## Task goal
Set down every line from the one containing "Transform your room" through the last line of the records below, exactly as written, and leave out the pictures.

········

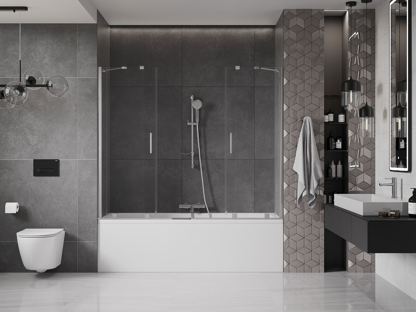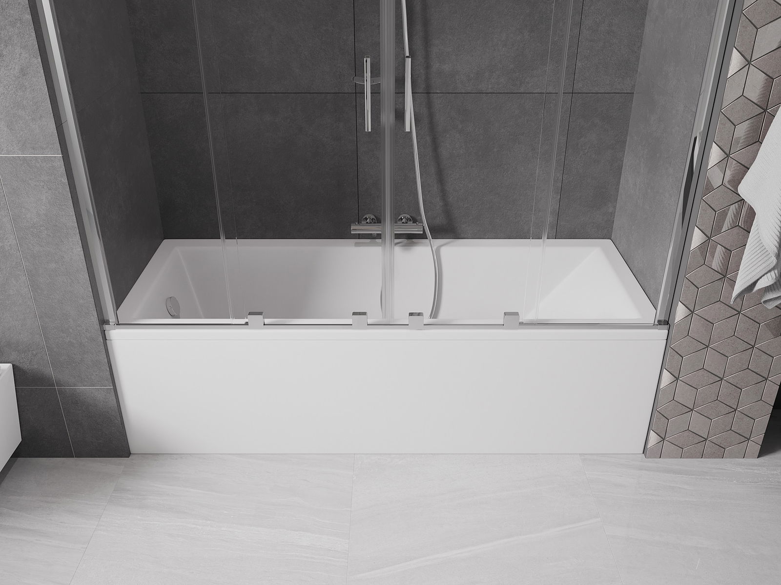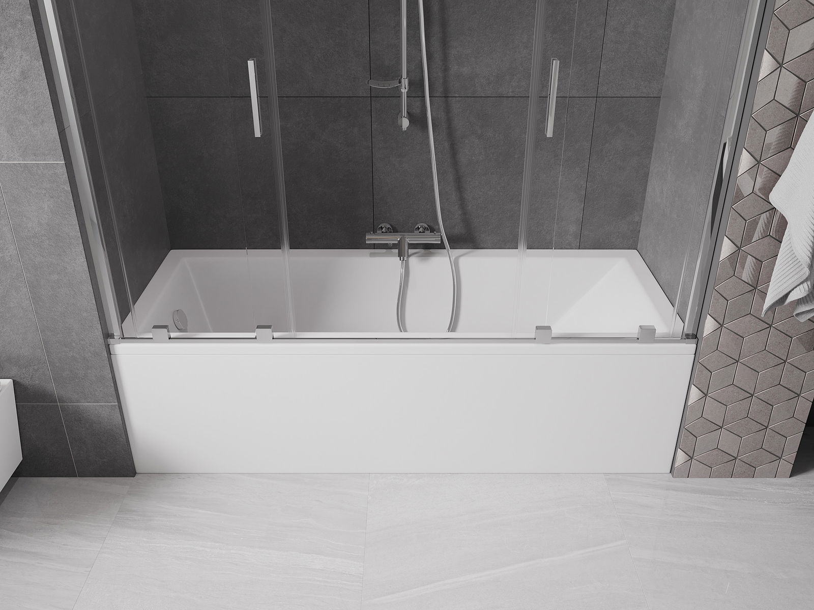 Vďaka použitiu univerzálneho montážneho systému môže byť priečka namontovaná na pravej alebo ľavej strane, podľa potreby. Týmto spôsobom môžete ľahko navrhnúť sprchu prispôsobenú priestoru kúpeľne.
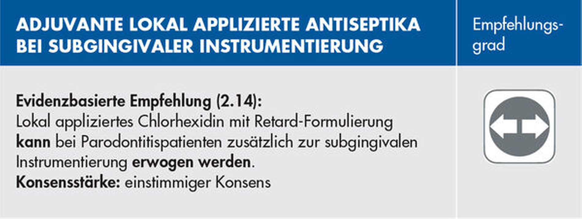 In einer systematischen Übersichtsarbeit haben Herrera et al. [2020] die Evidenz hinsichtlich des Nutzens von lokal applizierten Antiseptika mit Retard-Formulierung zusätzlich zur subgingivalen Instrumentierung aufgearbeitet. Sie betrachteten die Ergebnisse von Studien zu Chlorhexidin-Produkten. Dabei zeigte ein Produkt (PerioChip®) eine geringfügige, aber statistisch signifikant größere TST-Reduktion nach ein- oder mehrmaliger Applikation zusätzlich zur subgingivalen Instrumentierung. Es wurden keine signifikanten Unterschiede beim CAL-Gewinn beobachtet. Die Daten bezüglich BOP waren unzureichend und es wurden keine Angaben über Pocket Closure oder die Anzahl der benötigten Behandlungen gemacht. Eine geschätzte Effektgröße für alle TST-Kategorien zeigt eine zusätzliche TST-Reduktion um zehn Prozent. Die Kosten für das Produkt müssen berücksichtigt werden. Insgesamt existiert nicht genug Evidenz hinsichtlich des Nutzens von lokal applizierten Antiseptika mit Retard-Formulierung zusätzlich zur subgingivalen Instrumentierung bei Patienten mit Parodontitis.
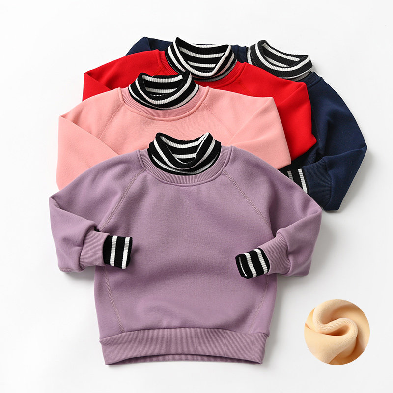 特 儿童纯棉加绒卫衣 男女童高领假两件保暖上衣 秋冬款 童装
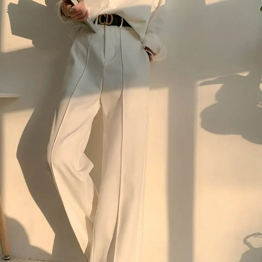 Spring Autumn High Waist Wide Leg Pants For Women Office Wear Elegant Loose Suit Pants High Street Ladies Straight Trousers
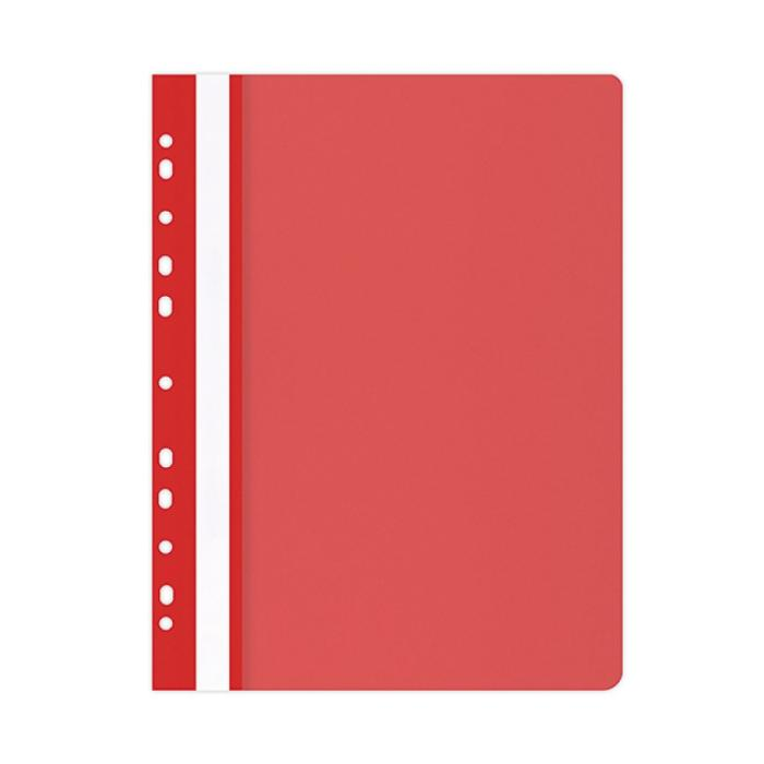 Rýchloviazač PP formátu A4 s priehľadnou prednou stranou a eurodierovaním. Farba matná červená.
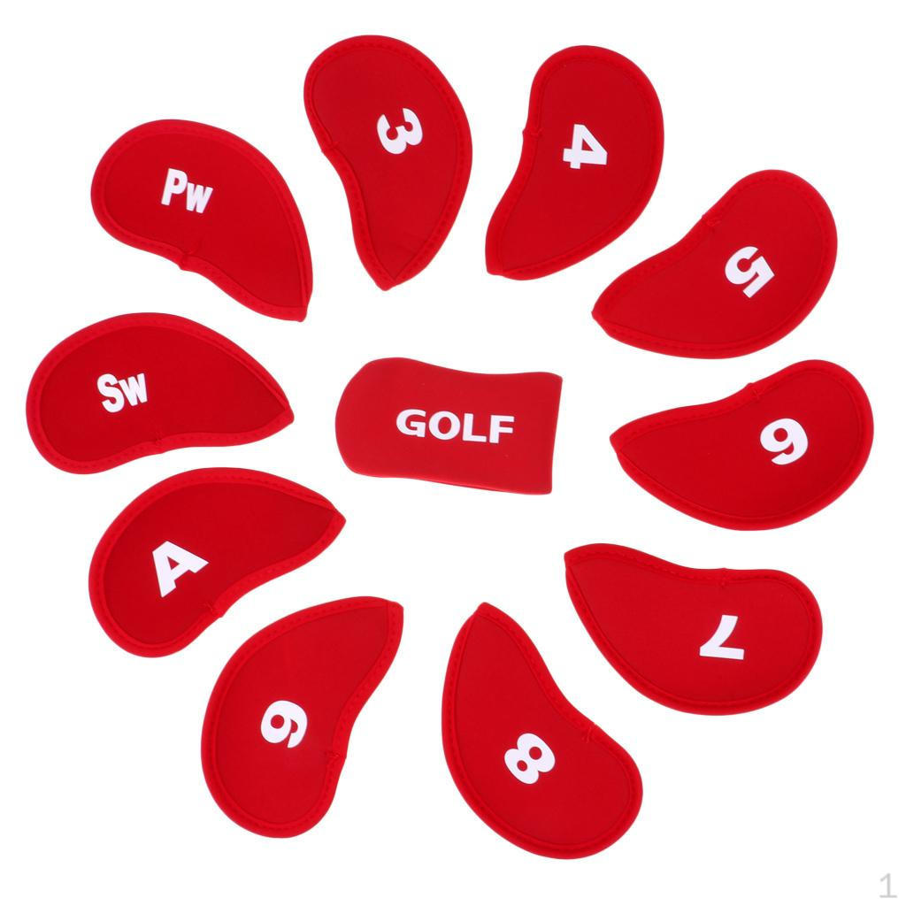 10 Neoprene Golf Club Iron Head Cover Protective Cover, Double-Sided Number Label Printing
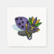 Bicho de ladrillo con alas moradas listo para el Mardi Gras con una máscara colorida y perlas.
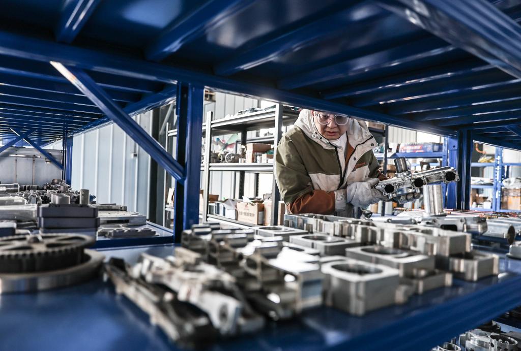 4月25日,在遼寧省沈陽市法庫縣,工程師在法庫中軍翼無人機科技有限公司的研發組裝車間清點無人機配件。
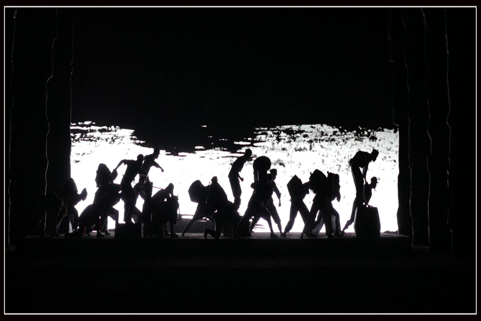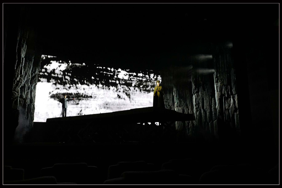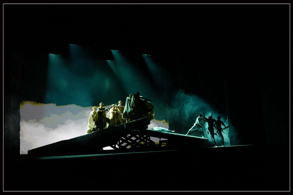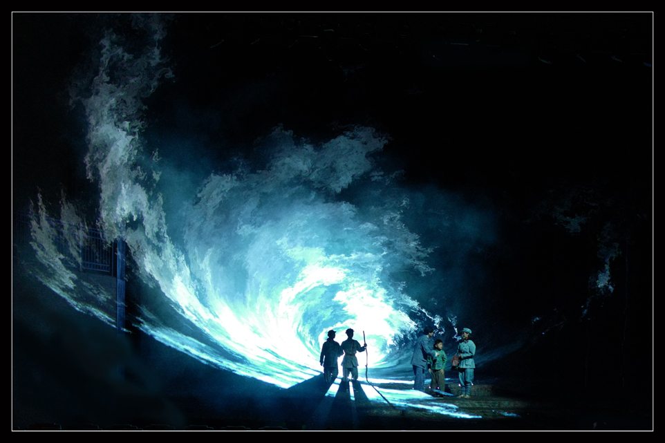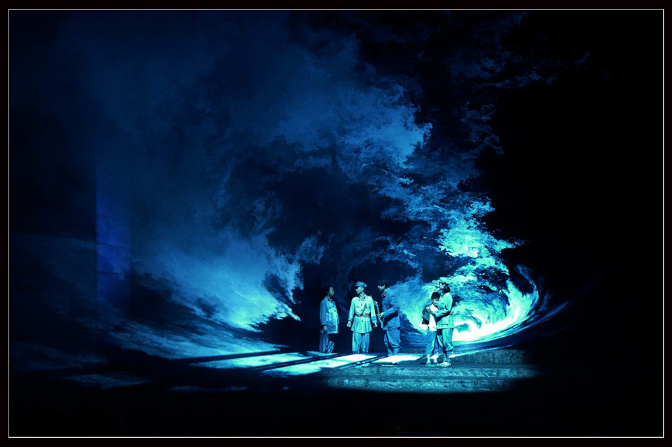 舞臺(tái)劇中 “交互式”的藝術(shù)表現(xiàn)形式,涵蓋了話劇、舞劇、舞臺(tái)美術(shù)、音樂(lè)、音響、多媒體、燈光等一系列在其中,讓劇目更具有生命力,更具有視覺(jué)感官?zèng)_擊,能夠?qū)v史重現(xiàn)在觀眾的眼前,呈現(xiàn)一個(gè)逼真的全維度感官場(chǎng)景。
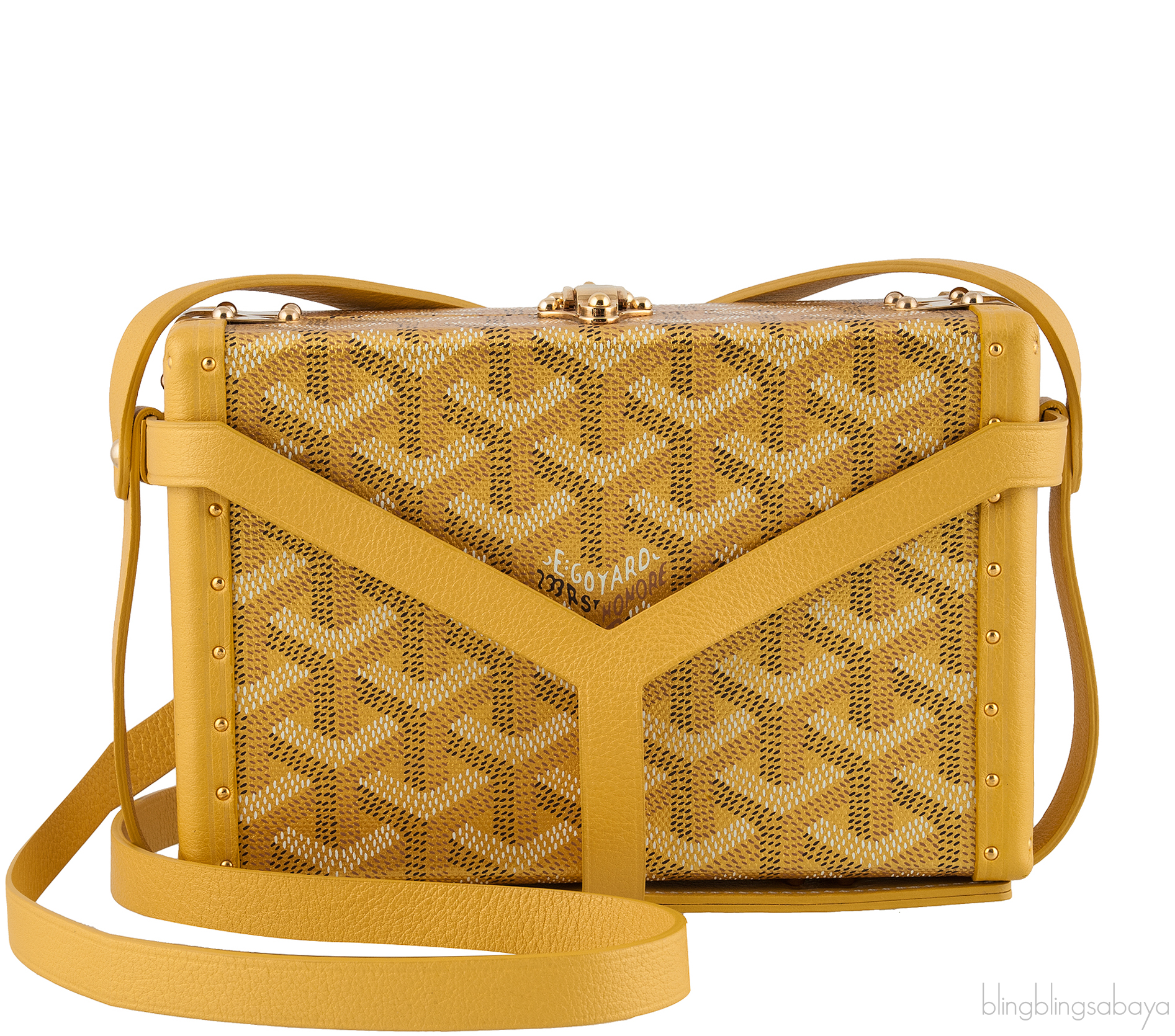 This fascinating miniature version of the Goyard trunk features a Goyard’s signature coated jacquard “Y” chevron monogram in yellow hue trimmed with coordinating leather and accented with gold hard ware. This trunk features a flip-top clasp that opens to reveal a roomy interior lined with white leather lining and with a carrying strap that turns the mini trunk into a shoulder bag.
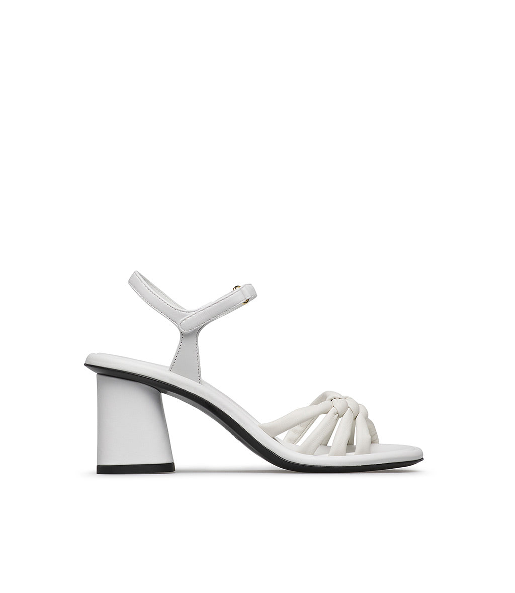 Our white nappa sandals feature an eye-catching design with knotted front straps, an ankle strap, and a comfortable, slightly flared mid-block heel. Rubber sole. Made in Italy, they're the perfect companion for summer outfits.
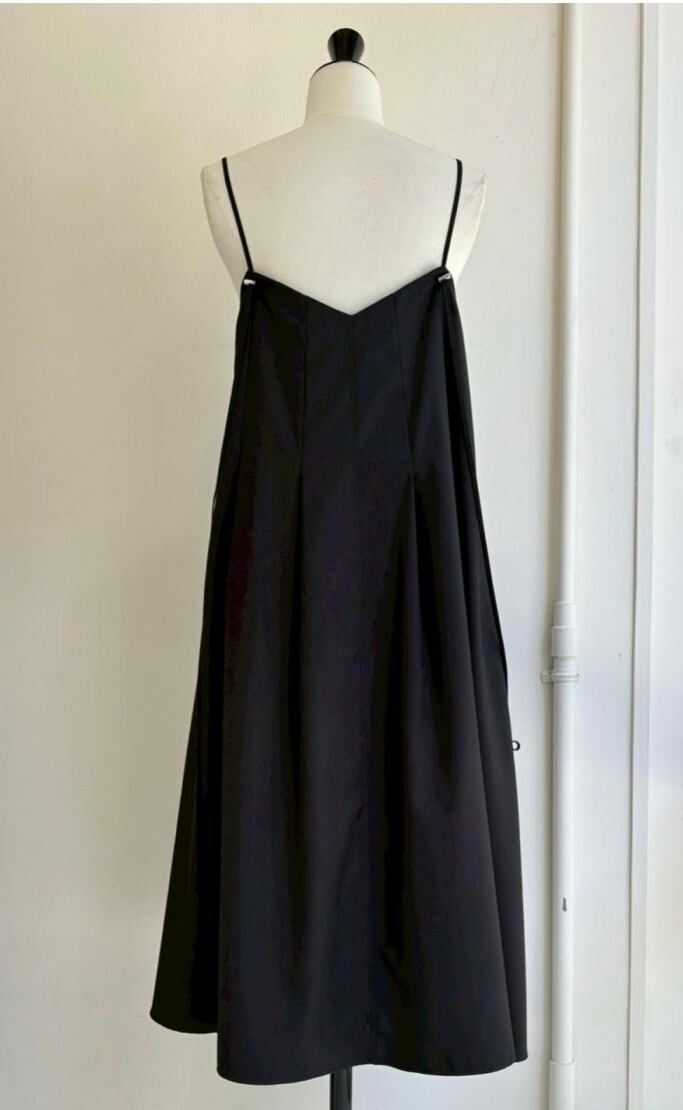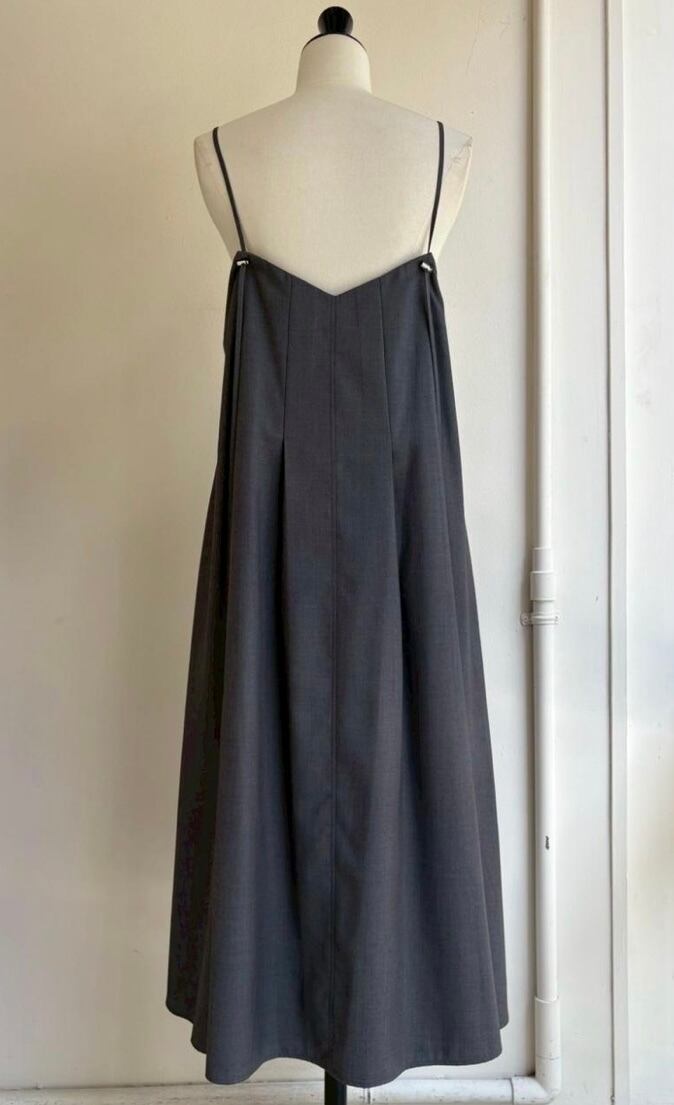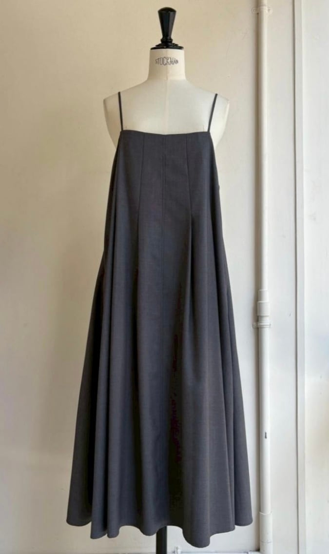 身体を締めつけないリラックス感のあるシルエットながら縦の切替とすっきりとした印象のキャミワンピースです。
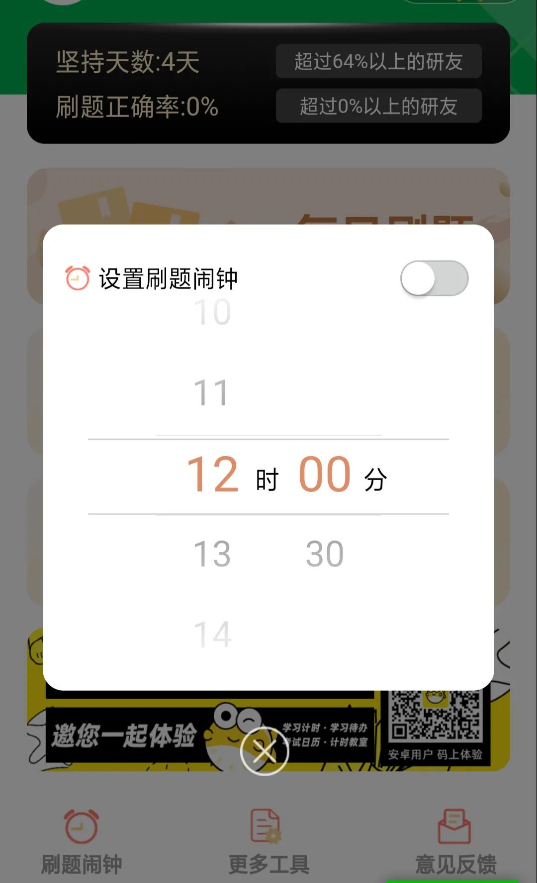 担心自己懒癌又犯使政治刷题大业荒芜?刷题闹钟专属叫醒贴心服务上线!根据你的复习计划设置刷题闹钟提醒,努力成为一名合格的时间管理大师。
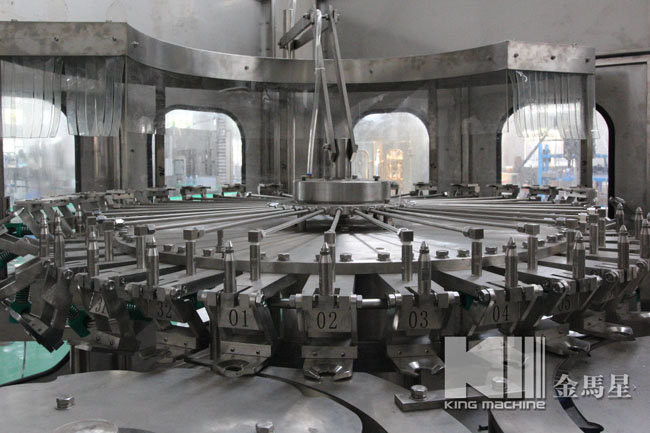 果汁灌裝機(jī)同時適用于果汁、茶飲料、功能飲料及果味奶飲料的灌裝。在溫度控制器的幫助下,該機(jī)器能夠進(jìn)行80-95度高溫?zé)峁嘌b。本設(shè)備采用瓶頸懸掛技術(shù),適用于各種瓶型,跟換瓶型只需調(diào)節(jié)傳送鏈的高度及出瓶玻璃即可,方便快捷。全機(jī)PLC控制變頻調(diào)速,自動化程度高,自動控制進(jìn)液,液位控制準(zhǔn)確,無滴漏。與物料接觸部分均為食品級304優(yōu)質(zhì)不銹鋼。是飲料廠家的優(yōu)選產(chǎn)品。
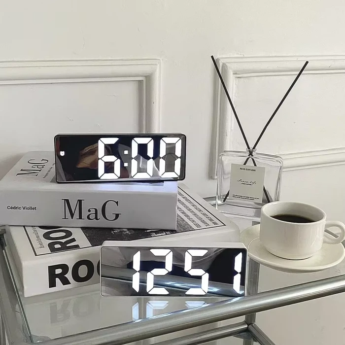 Transform your room into a stylish and functional space with our Mirror Screen Alarm Clock. Not only does it serve as a sleek mirror for getting ready, but it also functions as an easy-to-use alarm clock. Say goodbye to boring alarm clocks and hello to aesthetic room decor!
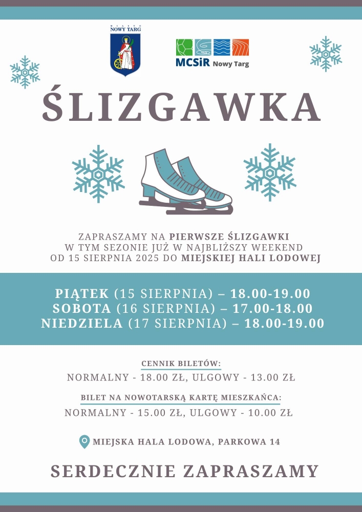 Miejska Hala Lodowa w Nowym Targu zaprasza na pierwsze ślizgawki sezonu 2025/2026. Inauguracyjne wejścia na lód odbędą się w dniach 15-17 sierpnia. W piątek 15 sierpnia ślizgawka potrwa od godz. 18.00 do 19.00, w sobotę 16 sierpnia od 17.00 do 18.00, a w niedzielę 17 sierpnia ponownie od 18.00 do 19.00.

········

## Answer box
 Transform your room into a stylish and functional space with our Mirror Screen Alarm Clock. Not only does it serve as a sleek mirror for getting ready, but it also functions as an easy-to-use alarm clock. Say goodbye to boring alarm clocks and hello to aesthetic room decor!
 Miejska Hala Lodowa w Nowym Targu zaprasza na pierwsze ślizgawki sezonu 2025/2026. Inauguracyjne wejścia na lód odbędą się w dniach 15-17 sierpnia. W piątek 15 sierpnia ślizgawka potrwa od godz. 18.00 do 19.00, w sobotę 16 sierpnia od 17.00 do 18.00, a w niedzielę 17 sierpnia ponownie od 18.00 do 19.00.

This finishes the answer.